一方、紳助の現在の自宅は大阪市内を一望する超高層マンションに妻と本人名義で2部屋を所有している。インターホンを押すと、20~30代ほどの若い女性の声がした。「長谷川さん(紳助の本名)のお宅でしょうか?」
「いえ、違います」
ブツリと切られてしまった。もう一方の部屋の番号も押してみると、こちらはまったく反応なし。
近所の不動産屋に話を聞くと‥‥。
「売り出し時から9年近くたってるけど、今でも売れば5000万~6000万円くらいの値は付くんちゃうかな。超が付く高層マンションでは、市内でいちばん最初に建てられた物件。会社の社長さんや役員クラスが住むようなとこですわ」
かつて紳助を取材したことのある在阪雑誌記者が語る。「地下の駐車場からワンフロア購入した上階まで直行ですから、同じマンションの住民もほとんど姿を見ることはないですよ」
引退まではあれほどの権勢を誇っていた紳助だが、その生活ぶりは、思いのほか質素のようだ。
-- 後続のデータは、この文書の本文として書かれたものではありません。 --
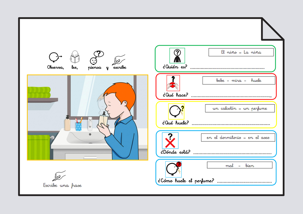 Material para trabajar comprensión / expresión oral y lectoescritura. Verbo Oler
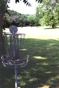 Hole # 6 is the longest hole on the course. A gradual uphill slope will fool you and drop your shots short. You are also usually facing the prevailing wind here. The 4th fairway lines the left and the road (US 221 - Brambleton Ave.) runs down the right side. The fairway is basically wide open, but the Pole Hole is placed between two tree trunks that run in line with the fairway, so you need a good curve second to get at the hole.
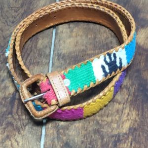 MULTI-COLORED WOVEN BELT W/ LEATHER BACKING/END/COVERED BUCKLE & WHIPSTITCHED EDGES
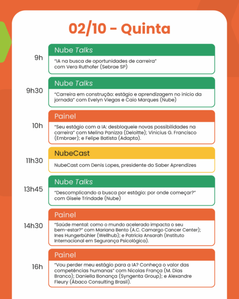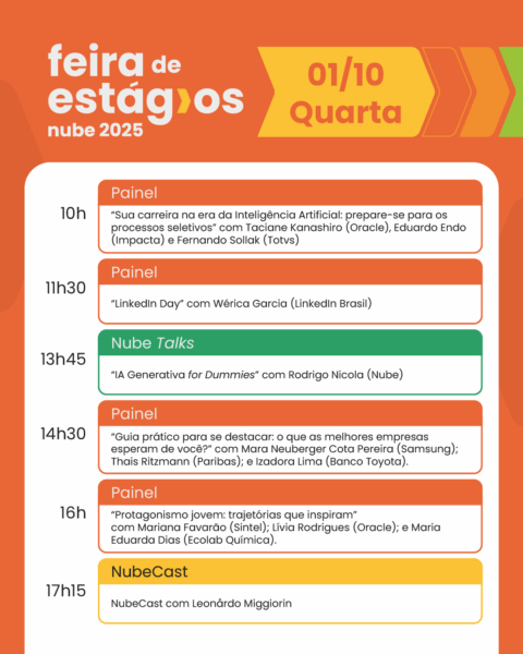 A Feira de Estágios Nube já começou! Este evento totalmente online e gratuito é a sua chance de se conectar com grandes oportunidades.
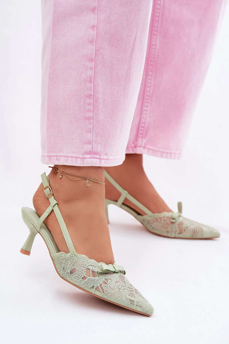 Krajkové dámské sandály na podpatku s mašlí zelené Maribelle
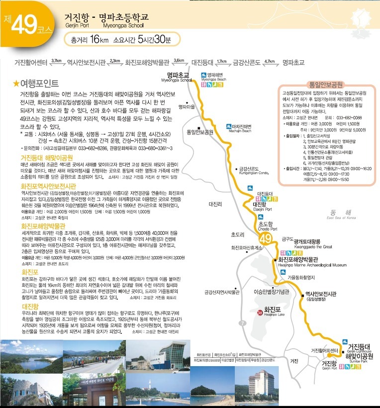 거진항을 출발하는 이번 코스는 매년 새해 해맞이 행사를 진행하는 곳으로 통일에 대한 염원과 가족에 대한 소중한 의미를 담은 거진등대의 해맞이공원을 거쳐 역사안보전시관(김일성별장, 이승만 별장, 이기붕별장), 세계적으로 희귀한 각종 조개류, 갑각류, 산호류, 화석류, 박제등 1500여종 4만여점등을 전시한 화진포해양박물관등 둘러보면 아픈 역사를 다시 한번 되새겨 보는 코스라 할 수 있다. 산과 호수 바다를 모두 걷는 해파랑길 49코스는 가원도 고성지역의 지리적, 역사적 특성을 모두 느낄 수 있는 코스라 할 수 있다.
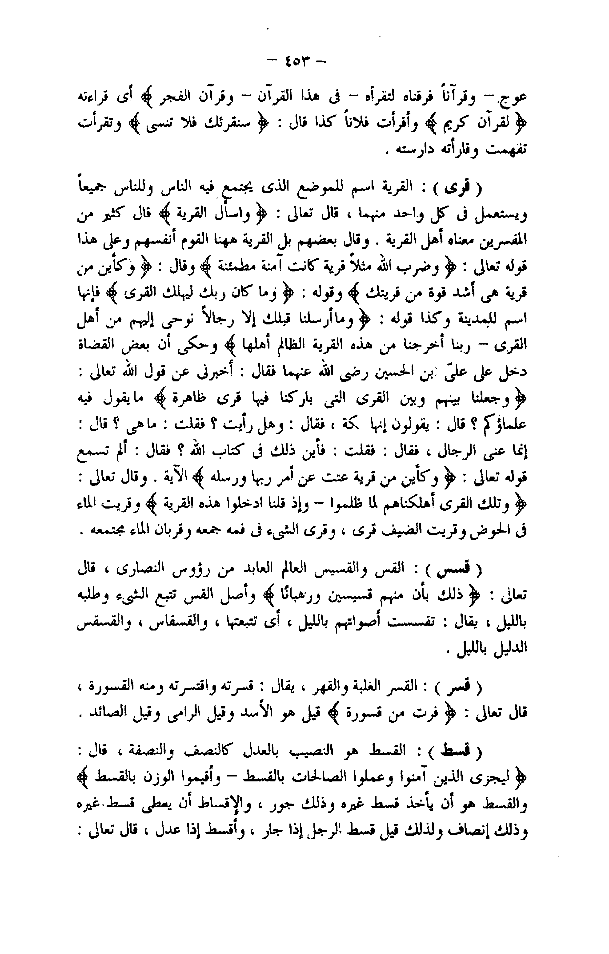 (قرى) : القرية اسم للموضع الذي يجتمع فيه الناس وللناس جميعا ويستعمل فى كل واحد منهما، قال تعالى: وَسْئَلِ الْقَرْيَةَ قال كثير من المفسرين معناه أهل القرية. وقال بعضهم بل القرية هاهنا القوم أنفسهم وعلى هذا قوله تعالى: وَضَرَبَ اللَّهُ مَثَلًا قَرْيَةً كانَتْ آمِنَةً مُطْمَئِنَّةً وقال: وَكَأَيِّنْ مِنْ قَرْيَةٍ هِيَ أَشَدُّ قُوَّةً مِنْ قَرْيَتِكَ وقوله: وَما كانَ رَبُّكَ لِيُهْلِكَ الْقُرى فإنها اسم للمدينة وكذا قوله: وَما أَرْسَلْنا مِنْ قَبْلِكَ إِلَّا رِجالًا نُوحِي إِلَيْهِمْ مِنْ أَهْلِ الْقُرى - رَبَّنا أَخْرِجْنا مِنْ هذِهِ الْقَرْيَةِ الظَّالِمِ أَهْلُها
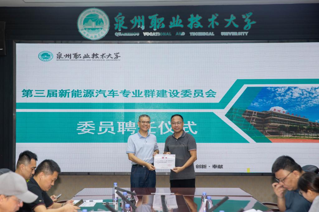随后进行本次会议的第一项议程,为新聘任的新能源汽车专业群建设委员会主任、副主任以及委员颁发聘任书。
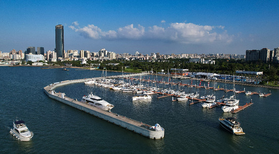 26日,參展游艇駛?cè)牒?趪曳毓泊a頭。當(dāng)日,第二屆中國國際消費(fèi)品博覽會(huì)游艇展在海口國家帆船基地公共碼頭開幕,超過200艘船艇參展。
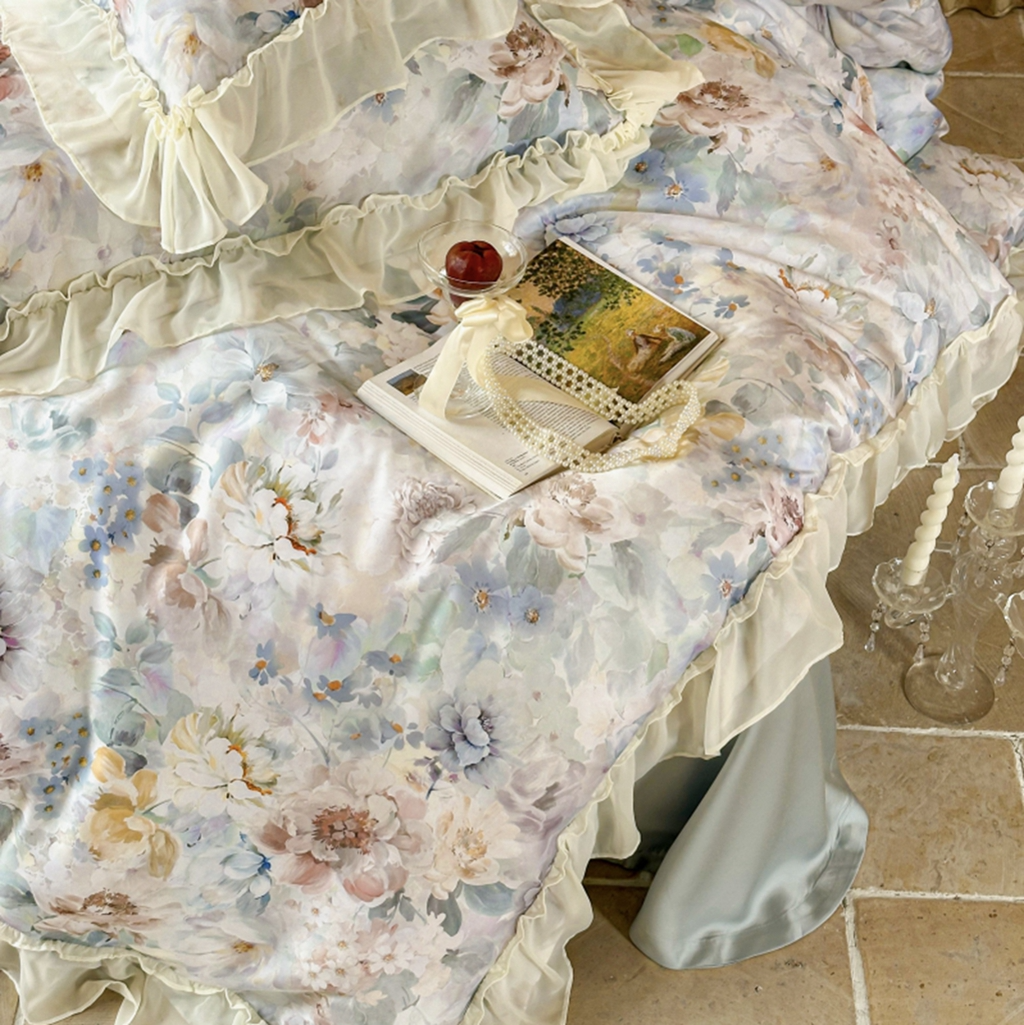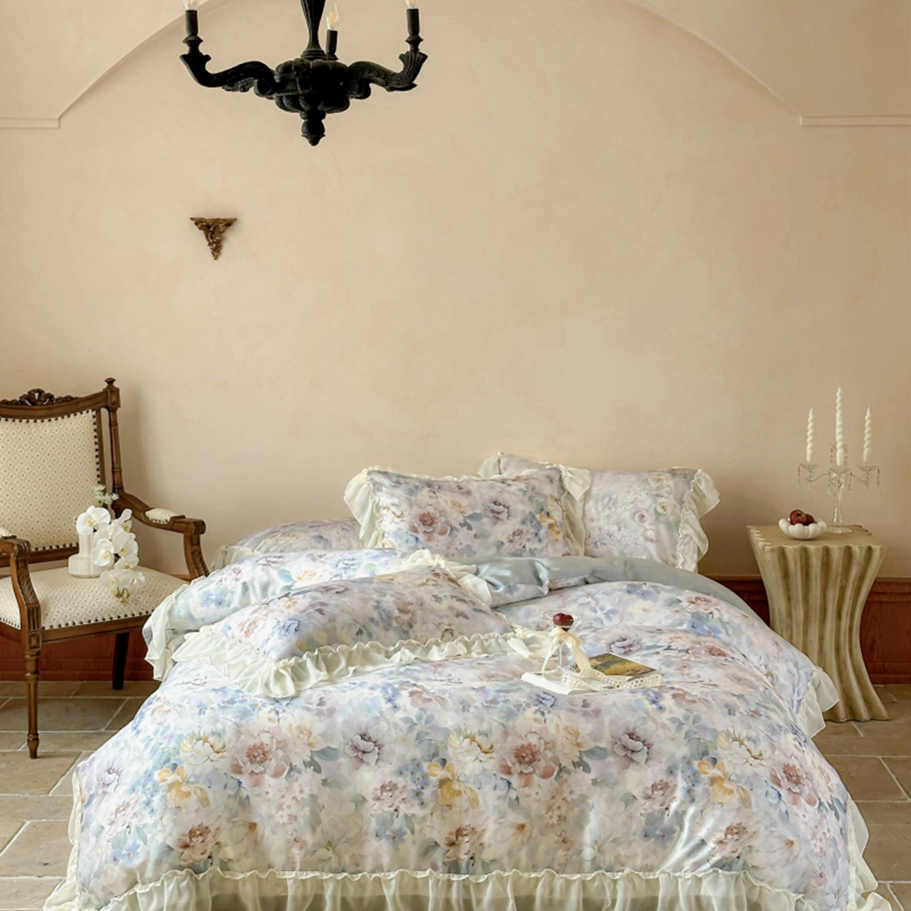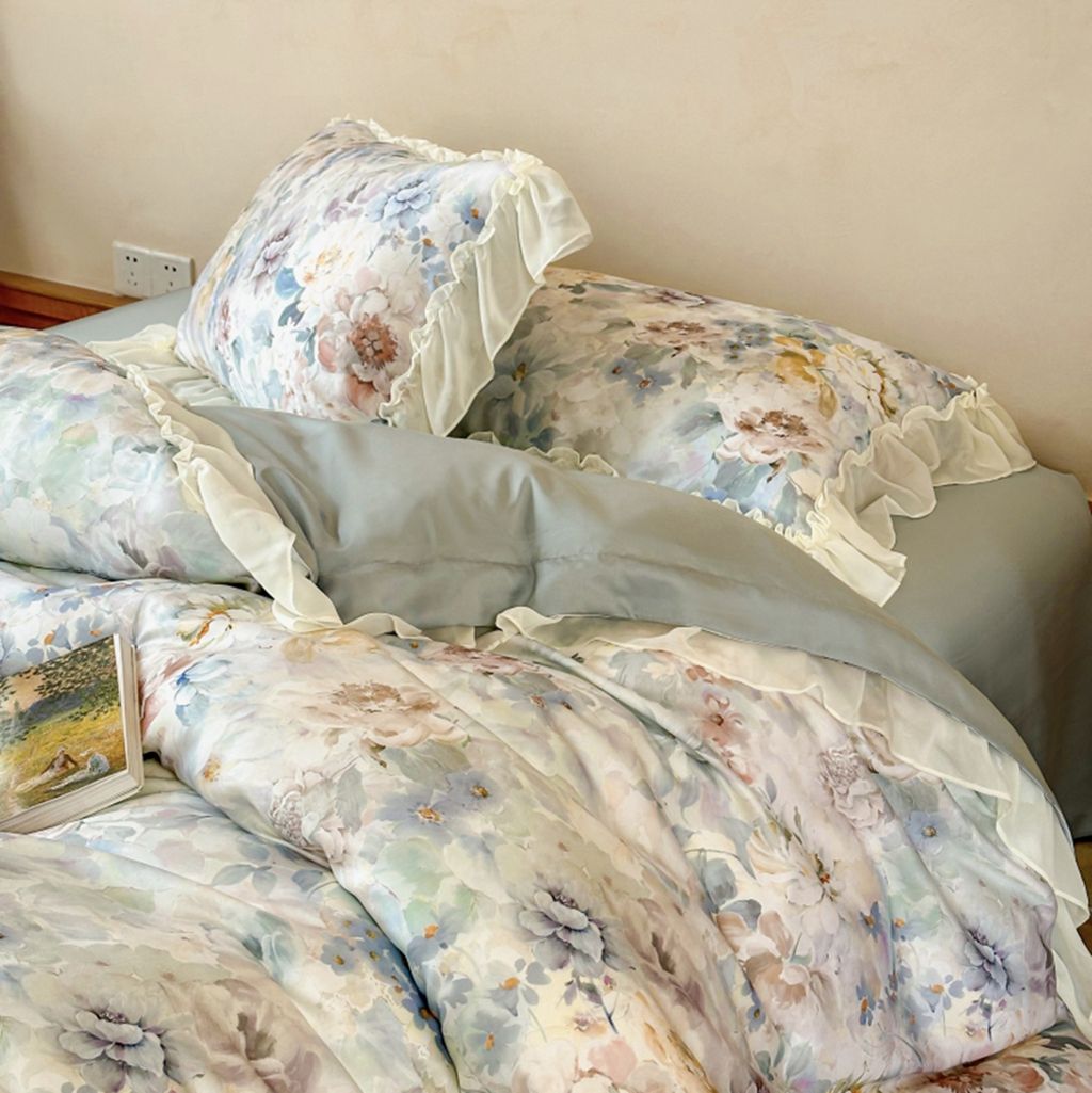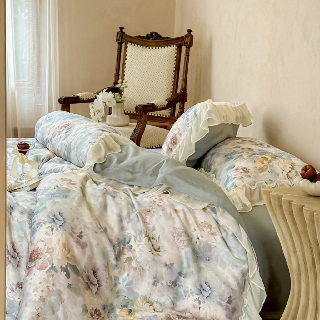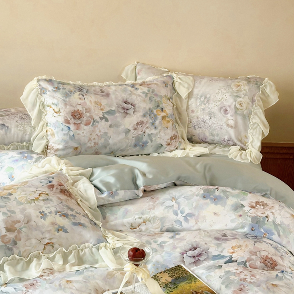 禾时 2025新款60支兰精天丝数码印花云纱四件套 觅棠

かつては、“紳助ファミリー”と言われた芸能人との派手な交遊も、今ではほとんど聞かれることもないという。
前出・雑誌記者がこう解説する。
「『クイズ!紳助くん』(朝日放送)などの番組は大阪制作でしたけど、今でも地元の関西の番組を大事にしている明石家さんま(57)なんかと比べると、紳助はここ10年ほどは大阪との関係は切れていて、ギャラが2~3倍の東京を主戦場にしていた。大阪に来ても日帰りだったりといった感じでしたから、芸能人との交遊は、後輩で紳助を慕う売れない芸人ばかりが取り巻きにいるぐらいでした」
そうした中、唯一とも言える行きつけの店が、高級クラブ「W」だったという。
「紳助は意外に新地で飲むのは好きじゃなくて、行く店は限られていましたね。ここ何年かは「W」には月1くらいで行っていました。昔、テレビ番組に出ていた女性なんかも働いている店で、経営者が芸人好き。他にも元プロ野球選手のKや歌舞伎俳優のEなんかも来店する店です。でも引退前には、仕事が忙しくてちょっと疎遠気味になっていたようです」(前出・記者)
芸能界引退とともに、まるで糸の切れたタコのように、芸能界はおろか、人前からもすっかり姿を消してしまった紳助。もはや表舞台には未練がないようにも思えるのだ。